При этом пленница передала князю Голицыну известное уже нам письмо к
ней графа Орлова.
Фельдмаршал не удовольствовался данными пленницей ответами Он имел в
виду единственно разъяснение двух вопросов: кто подал ей мысль "всклепать
на себя имя" дочери императрицы Елизаветы Петровны и с кем она по сему
предмету находилась в сношениях? Эти вопросы, без сомнения, поставлены были
самою Екатериной. Императрица не могла удовольствоваться одним романом
захваченной пленницы, ей нужно было знать имена недоброжелателей, хотевших,
в лице мнимой принцессы создать одно из политических затруднений ее
царствования. Кто эти недоброжелатели за границей, а особенно в самой
России, - вот что желала знать Екатерина. Этого добивался от пленницы и
фельдмаршал Голицын. Хотя она и сказала, что князь Радзивил говорил ей, что
она, достигнув принадлежащего ей по праву русского престола, может быть
полезна для Польши, но этим фельдмаршал не удовольствовался. Князя
Радзивила императрица считала за пустого человека и притом, как кажется, не
хотела впутывать в дело самозванки, после того как он обещался не помогать
ей, примирился с королем Станиславом Августом и признал себя совершенно
бессильным перед русскою императрицей. А между тем не кто другой, как "пане
коханку", и стоял во главе затеянной поляками и иезуитами против Екатерины
интриги, выдвинувшей на сцену мнимую дочь императрицы Елизаветы Петровны.
Но по ограниченности ума он мог быть только орудием в руках искусных в
интриге людей: их-то имена и хотелось узнать князю Голицыну, об них-то и
желал он получить точные сведения от пленницы.
Замечательно, что хотя из бумаг, захваченных в Пизе, и видно было, что
принцесса называла Пугачева своим братом, хотя об этом и писала Голицыну
сама императрица, но на этот предмет ни при первом допросе, ни при
последующих не было обращено никакого внимания. О Пугачеве не спросили
пленницу.
Когда она кончила рассказ о своих похождениях, князь Голицын спросил
ее:
- Вы должны сказать, по чьему наученью выдавали себя за дочь
императрицы Елизаветы Петровны?
- Я никогда не была намерена выдавать себя за дочь императрицы, -
твердо отвечала пленница.
- Но вам говорили же, что вы дочь императрицы?
- Да, мне говорил это в детстве моем князь Гали, говорили и другие, но
никто не побуждал меня выдавать себя за русскую великую княжну, и я
никогда, ни одного раза не утверждала, что я дочь императрицы. Правда,
иногда в разговорах с князем Лимбургом, с князем Радзивилом и другими
знатными особами, которым я рассказывала о странных обстоятельствах моего
детства, они говорили мне, что напрасно я скрываю свое происхождение, что
им наверное известно, что я рождена русскою императрицей.
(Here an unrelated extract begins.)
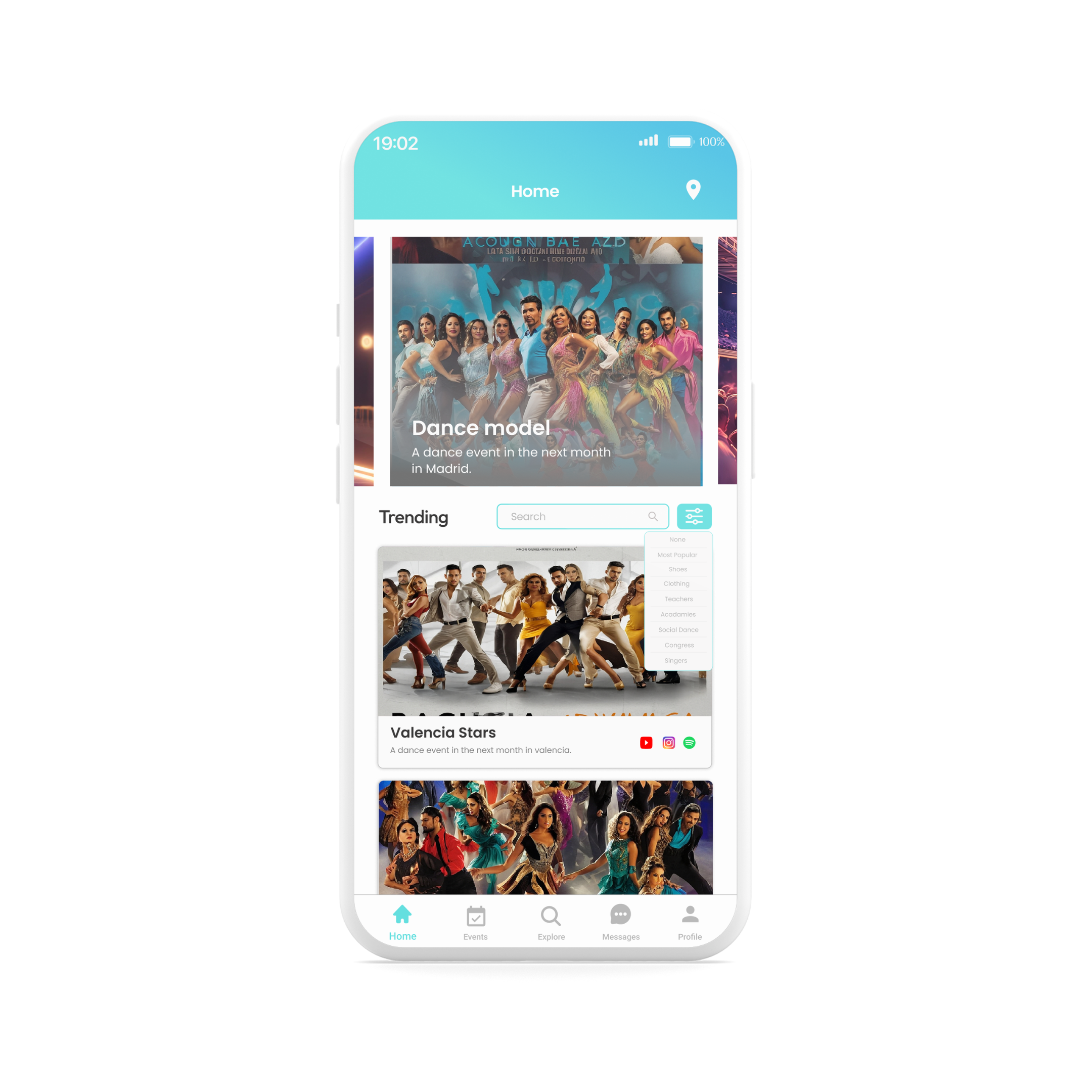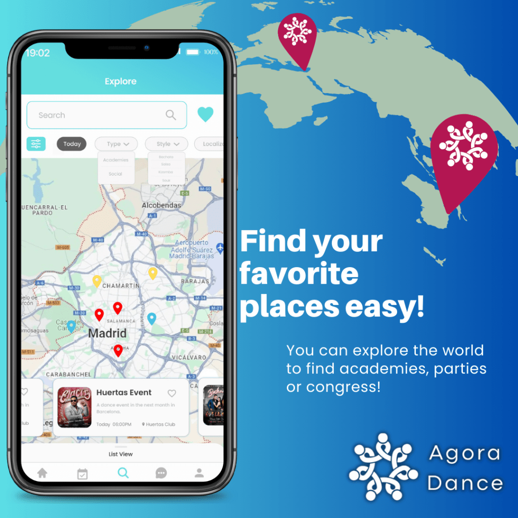 Busca en nuestra pantalla de exploración todas las academias, bailes sociales y congresos, puedes buscar por mapa o lista y puedes marcar tus lugares favoritos para encontrarlos fácilmente!

Но каждый раз,
чтоб отделаться от подобных расспросов, я шутливо отвечала: "Да принимайте
меня за кого вы хотите: пусть буду я дочь турецкого султана или персидского
шаха или русской императрицы; я и сама ничего не знаю о своем рождении".
Некоторые из знатных особ даже письменно спрашивали меня, действительно ли
я русская великая княжна, но я отвечала им, что не знаю, кто были мои
родители.
- Отчего же слухи о вашем происхождении от императрицы
распространились с тех пор, как вы приехали в Венецию, и еще более
усилились, когда вы поселились в Рагузе? - спросил князь Голицын.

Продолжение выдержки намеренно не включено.